— TASK INSTRUCTIONS —
Using the records below, copy exactly the part that opens with the line holding "Pig of Lead" and closes with the line holding "BIRMINGHAM/BLOOMFIELD 42760 Orchard", minus the pictures.

— TASK INPUTS —
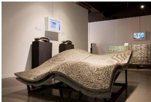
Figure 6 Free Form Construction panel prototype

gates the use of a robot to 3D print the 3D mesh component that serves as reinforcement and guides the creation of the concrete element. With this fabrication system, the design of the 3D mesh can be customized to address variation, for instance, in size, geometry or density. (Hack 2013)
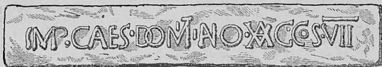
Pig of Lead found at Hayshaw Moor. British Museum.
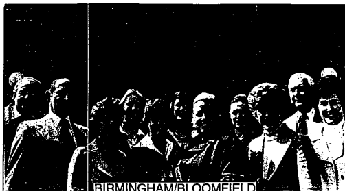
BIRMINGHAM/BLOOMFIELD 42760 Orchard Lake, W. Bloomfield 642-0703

* * *

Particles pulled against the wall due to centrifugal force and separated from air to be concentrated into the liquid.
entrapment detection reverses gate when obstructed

==

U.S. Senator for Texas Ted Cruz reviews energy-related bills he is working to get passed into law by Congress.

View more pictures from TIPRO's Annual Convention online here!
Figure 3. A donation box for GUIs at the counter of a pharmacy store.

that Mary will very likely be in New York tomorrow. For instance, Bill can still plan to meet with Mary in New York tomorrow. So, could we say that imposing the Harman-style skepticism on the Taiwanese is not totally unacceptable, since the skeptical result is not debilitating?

— RESPONSE —
Pig of Lead found at Hayshaw Moor. British Museum.
BIRMINGHAM/BLOOMFIELD 42760 Orchard Lake, W. Bloomfield 642-0703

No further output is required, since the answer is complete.